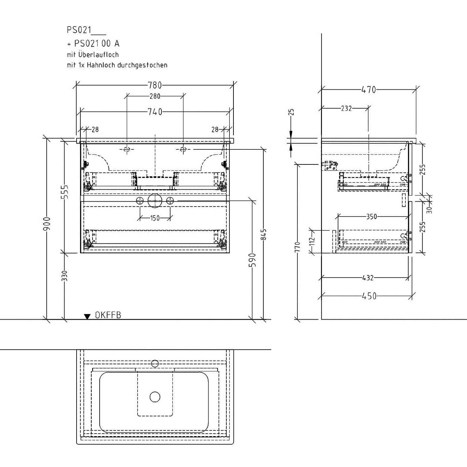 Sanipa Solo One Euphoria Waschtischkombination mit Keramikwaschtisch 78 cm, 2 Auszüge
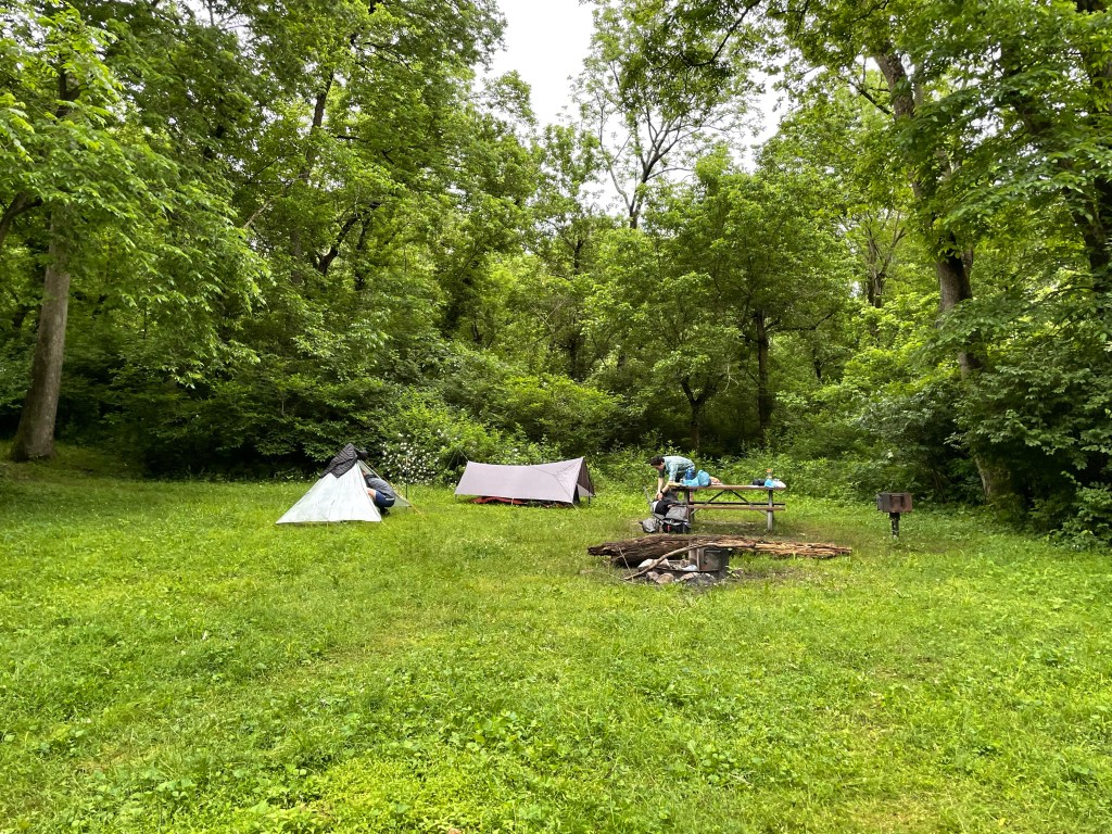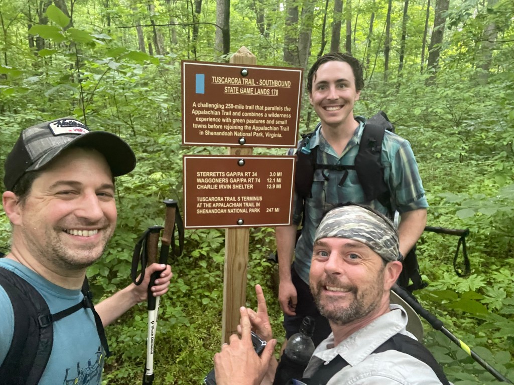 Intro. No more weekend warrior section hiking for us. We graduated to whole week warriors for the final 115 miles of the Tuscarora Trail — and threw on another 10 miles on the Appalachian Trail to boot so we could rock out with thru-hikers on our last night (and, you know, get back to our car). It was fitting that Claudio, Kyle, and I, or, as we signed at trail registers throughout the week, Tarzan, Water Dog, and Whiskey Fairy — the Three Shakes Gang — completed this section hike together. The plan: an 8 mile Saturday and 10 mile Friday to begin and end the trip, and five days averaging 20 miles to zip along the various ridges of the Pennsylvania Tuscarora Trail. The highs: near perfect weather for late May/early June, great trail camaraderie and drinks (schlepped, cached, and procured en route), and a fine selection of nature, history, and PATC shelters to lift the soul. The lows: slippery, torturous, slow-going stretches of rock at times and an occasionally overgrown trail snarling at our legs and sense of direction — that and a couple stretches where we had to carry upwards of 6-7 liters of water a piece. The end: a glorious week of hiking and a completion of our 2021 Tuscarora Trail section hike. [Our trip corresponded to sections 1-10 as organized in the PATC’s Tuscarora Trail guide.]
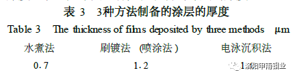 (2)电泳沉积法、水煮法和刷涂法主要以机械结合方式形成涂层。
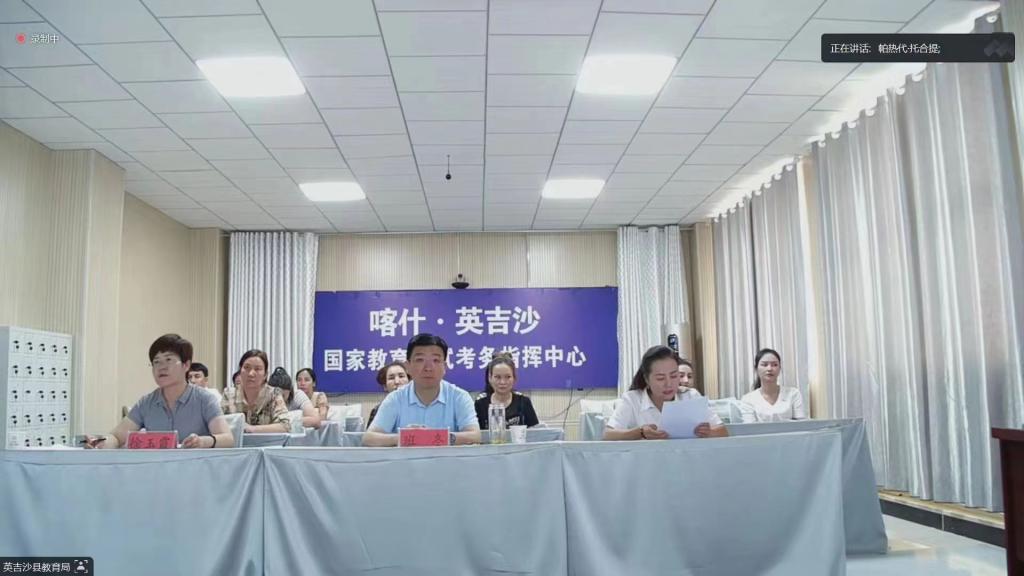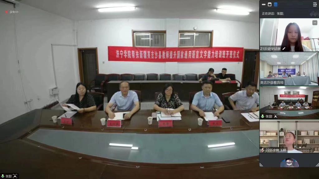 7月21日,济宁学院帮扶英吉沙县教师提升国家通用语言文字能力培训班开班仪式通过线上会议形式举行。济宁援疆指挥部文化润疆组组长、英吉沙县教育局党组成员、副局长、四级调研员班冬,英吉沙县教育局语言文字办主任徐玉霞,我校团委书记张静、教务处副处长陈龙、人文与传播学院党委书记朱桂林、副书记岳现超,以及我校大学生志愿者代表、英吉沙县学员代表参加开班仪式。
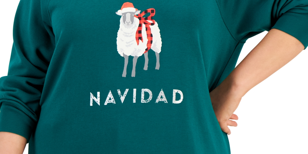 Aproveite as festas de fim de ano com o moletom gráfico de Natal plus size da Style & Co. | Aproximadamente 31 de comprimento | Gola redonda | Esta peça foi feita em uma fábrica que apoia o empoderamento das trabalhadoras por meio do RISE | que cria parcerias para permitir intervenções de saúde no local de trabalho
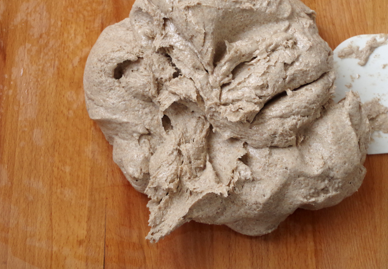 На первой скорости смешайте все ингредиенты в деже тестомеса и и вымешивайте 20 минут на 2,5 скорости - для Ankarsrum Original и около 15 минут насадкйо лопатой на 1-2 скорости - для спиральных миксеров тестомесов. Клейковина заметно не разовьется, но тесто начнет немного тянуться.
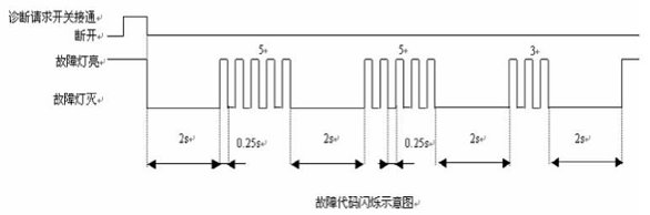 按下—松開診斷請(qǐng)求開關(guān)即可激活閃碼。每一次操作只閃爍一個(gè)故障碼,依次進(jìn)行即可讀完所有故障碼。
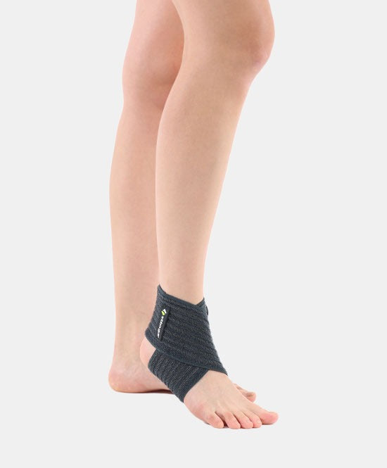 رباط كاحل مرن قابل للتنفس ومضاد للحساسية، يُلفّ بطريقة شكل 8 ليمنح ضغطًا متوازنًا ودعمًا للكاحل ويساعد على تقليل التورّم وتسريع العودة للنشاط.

(EXERCISE OBJECTIVE)
The answer is the lines above from the one with "7月21日,济宁学院帮扶英吉" to the one with "按下—松開診斷請(qǐng)", set down exactly, with no pictures.

(SOLUTION)
 7月21日,济宁学院帮扶英吉沙县教师提升国家通用语言文字能力培训班开班仪式通过线上会议形式举行。济宁援疆指挥部文化润疆组组长、英吉沙县教育局党组成员、副局长、四级调研员班冬,英吉沙县教育局语言文字办主任徐玉霞,我校团委书记张静、教务处副处长陈龙、人文与传播学院党委书记朱桂林、副书记岳现超,以及我校大学生志愿者代表、英吉沙县学员代表参加开班仪式。
 Aproveite as festas de fim de ano com o moletom gráfico de Natal plus size da Style & Co. | Aproximadamente 31 de comprimento | Gola redonda | Esta peça foi feita em uma fábrica que apoia o empoderamento das trabalhadoras por meio do RISE | que cria parcerias para permitir intervenções de saúde no local de trabalho
 На первой скорости смешайте все ингредиенты в деже тестомеса и и вымешивайте 20 минут на 2,5 скорости - для Ankarsrum Original и около 15 минут насадкйо лопатой на 1-2 скорости - для спиральных миксеров тестомесов. Клейковина заметно не разовьется, но тесто начнет немного тянуться.
 按下—松開診斷請(qǐng)求開關(guān)即可激活閃碼。每一次操作只閃爍一個(gè)故障碼,依次進(jìn)行即可讀完所有故障碼。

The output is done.